The broad outlines of the story are familiar: the lives of two brothers are tightly bound until a tragic divergence. But director Clement Virgo, working with David Chariandy to adapt the writer’s 2017 novel, gives this material poetic personal weight and gritty socio-political specificity. Brother, which got some attention at last year’s TIFF and has scored 14 Canadian Screen Awards nominations, is set in a Scarborough, Ont., housing complex in the 1990s, with Francis and Michael navigating a close community that is marked by poverty, police brutality and the sometimes life-and-death effects of racism.
Virgo, who made his feature film debut in 1995 with Rude and has since worked extensively in TV, including The Wire and The Book of Negroes, employs a fluid structure, slipping seamlessly through time and memory. We see Francis and Michael as young boys, as high schoolers, and finally 10 years later. All the while, we sense we are circling around a terrible event.
wfpyoutube: https://youtu.be/ur3ZH4x5kNs:wfpyoutubeVirgo has changed the central characters’ backgrounds from Trinidadian to Jamaican, which matches his own background. There’s a low-key, lived-in intimacy to the family scenes, underlined by the carefully calibrated ensemble acting.
Mother Ruth (powerful work from Orange Is the New Black’s Marsha Stephanie Blake) is loving and demanding and exhausted in equal measure, often pulling double shifts to get the time-and-a-half she needs to raise her boys on her own. Her need to protect her sons from the pain of her past vies with their need to know more about where they came from.

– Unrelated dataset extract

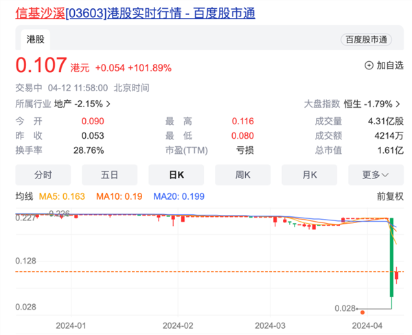 港股大幅波动股中,信基沙溪今天上午复牌后暴涨,盘中涨幅一度高达118.87%。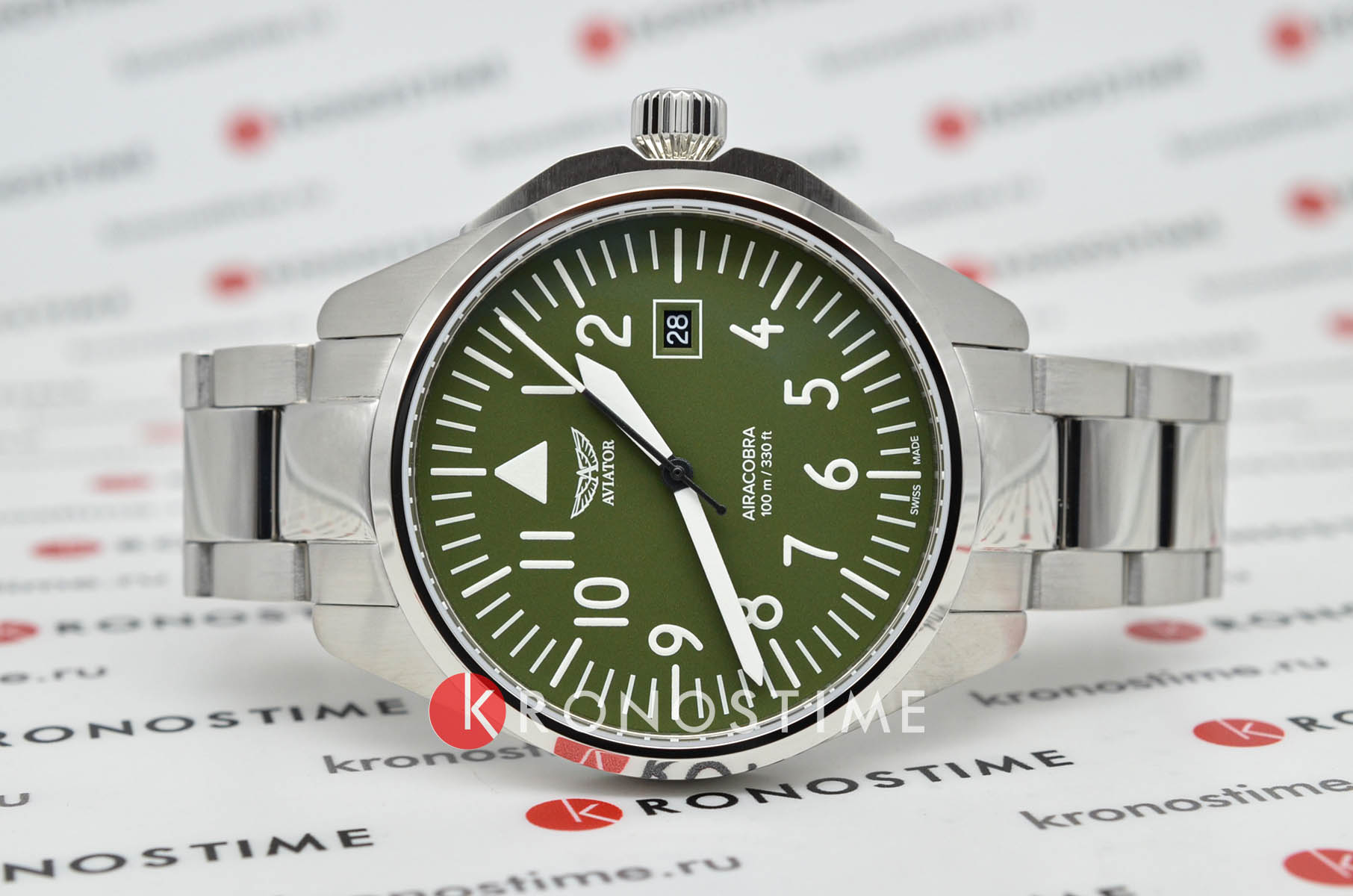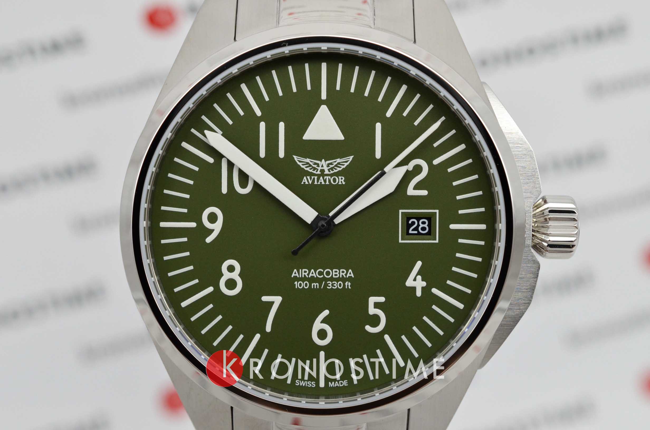 Aviator V.1.38.0.319.5 “Airacobra 43 Type A” — надёжные швейцарские пилотские часы с насыщенным функционалом и строгим авиационным дизайном. Корпус диаметром 42,8 мм выполнен из нержавеющей стали.

Francis is the guy everyone in his big urban high school knows. He’s the one who helps his mother, who tries to defend and counsel Michael, telling him, “You got to carry yourself better, not show everything on your face.” We eventually learn what Francis himself is protecting.
Michael, meanwhile, loves his brother but also tries to forge his own way, especially through a delicate relationship with neighbour Aisha (Fear Street’s Kiana Madeira).
In Scarborough, an often-maligned district of Toronto, Virgo finds a kind of scavenged beauty, from woods and ravines that meander around freeway pylons to the eerie beauty of the hydro towers. The family’s apartment is filled with saturated colour — deep blues, greens and oranges that glow as if lit from within. The soundtrack, which ranges from Nina Simone to ’90s hip-hop, and a subtle score (from Todor Kobakov) connect the story as it moves back and forth through three decades.
There is social comment here, on race, masculinity and identity, but it’s always filtered through the characters and their relationships, with long stretches of silence where Virgo relies on his actors to convey layers of family and cultural history through the smallest movements and expressions.

Elevation Pictures
In Brother, Lamar Johnson’s Michael (left) can’t help but follow the lead of elder brother Francis, played by Aaron Pierre.
Finally, Brother is about grief – at first embodied and internalized, then expressed and shared — connecting this one story to countless others.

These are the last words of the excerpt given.